Related: Central Florida Zoo and Botanical Gardens / Brevard Zoo / The Sequoia Park Zoo 

The EFBC Conservation Center is a conservation centre dedicated to the preservation and protection of some of the world’s most endangered cat species. 

The conservation centre is located in Rosamund, California, north of Los Angeles and is more commonly (and fondly) often referred to as the ‘Cat House’.
EFBC stands for ‘Exotic Feline Conservation Center’ although it was previously called the ‘Exotic Feline Breeding Compound’. The conservation centre was originally set up in 1977.
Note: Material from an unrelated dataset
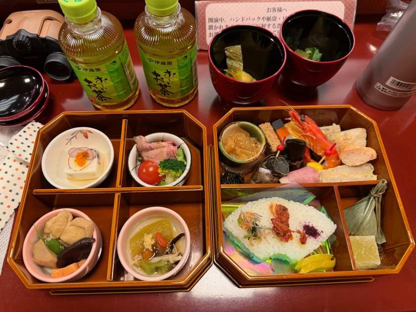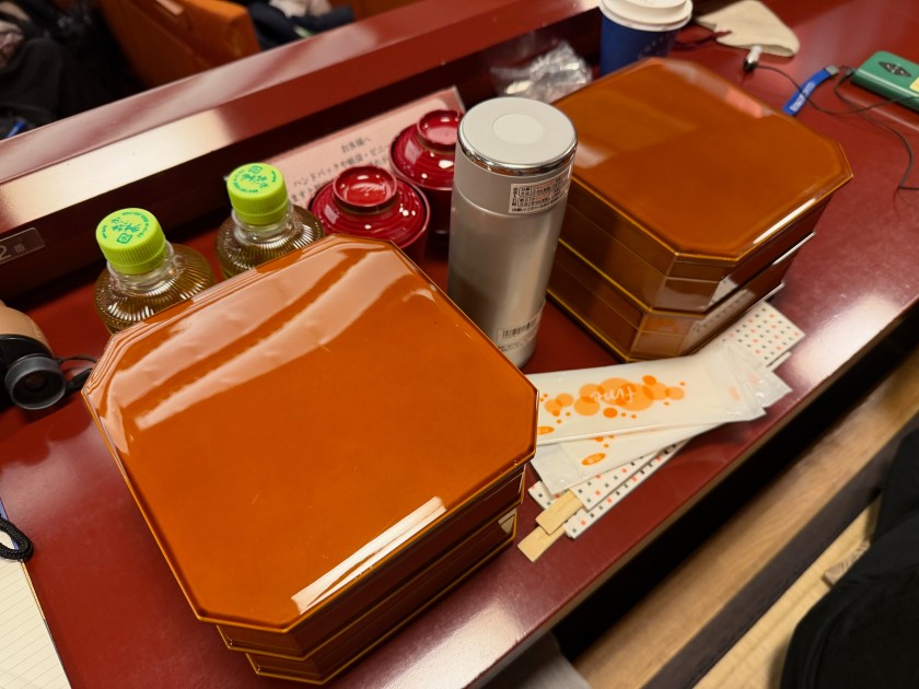 中に入れる時間が「5時45分」と表示されている。待つ。そして、やっと中へ。私は「桟敷席弁当」の支払いへ。ダンナはホットコーヒーを買ってきてもらう。

The vast majority of the cats that you will see at the conservation centre are not abandoned pets such as you might see at a pet rescue facility but purebred species that are in danger of becoming extinct and the conservation centre works in tandem with many other organisations around the world to ensure that this doesn’t happen. In fact, many of the cubs born at the conservation centre are subsequently sent on to other zoos later to participate in captive breeding programmes. 
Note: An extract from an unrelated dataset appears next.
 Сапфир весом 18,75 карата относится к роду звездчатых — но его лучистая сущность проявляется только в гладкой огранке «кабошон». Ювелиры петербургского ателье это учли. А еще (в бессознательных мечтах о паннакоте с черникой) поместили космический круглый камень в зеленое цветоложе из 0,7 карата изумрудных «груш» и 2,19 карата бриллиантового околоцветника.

The different types of feline species currently residing at the conservation centre include tigers, jaguars, lynx, cougars, 4 species of leopard, including the snow leopard, bobcats, ocelots, caracal and several others. In fact, there are just under 20 different species of cat which live at the conservation centre. And, if you visit the conservation centre’s website, you will discover that all of these cats have individual names and you can see photographs of them all.

Most of the compounds at the conservation centre are accessible to the public and you can stroll around looking at the cats at close quarters where you can actually get to within 5 feet of some very beautiful, but also dangerous, felines indeed! Some of the more timid and highly-strung felines, however, are kept in quieter compounds away from the general public. 

The geographic location of the conservation centre is such that in summer, it can get very hot with temperatures soaring to a blistering 120F, whilst in the winter, it can even snow. Therefore, one of the most popular attractions at the conservation centre are its ‘Twilight Tours’ and at cooler times of the year when the cats become more active. 

Lovers of wild cats will also enjoy visiting the shop where you can buy T-shirts and hats, stuffed animals, posters and photos and other feline-related paraphernalia to show your support towards some of the world’s most elegant, yet endangered, feline species.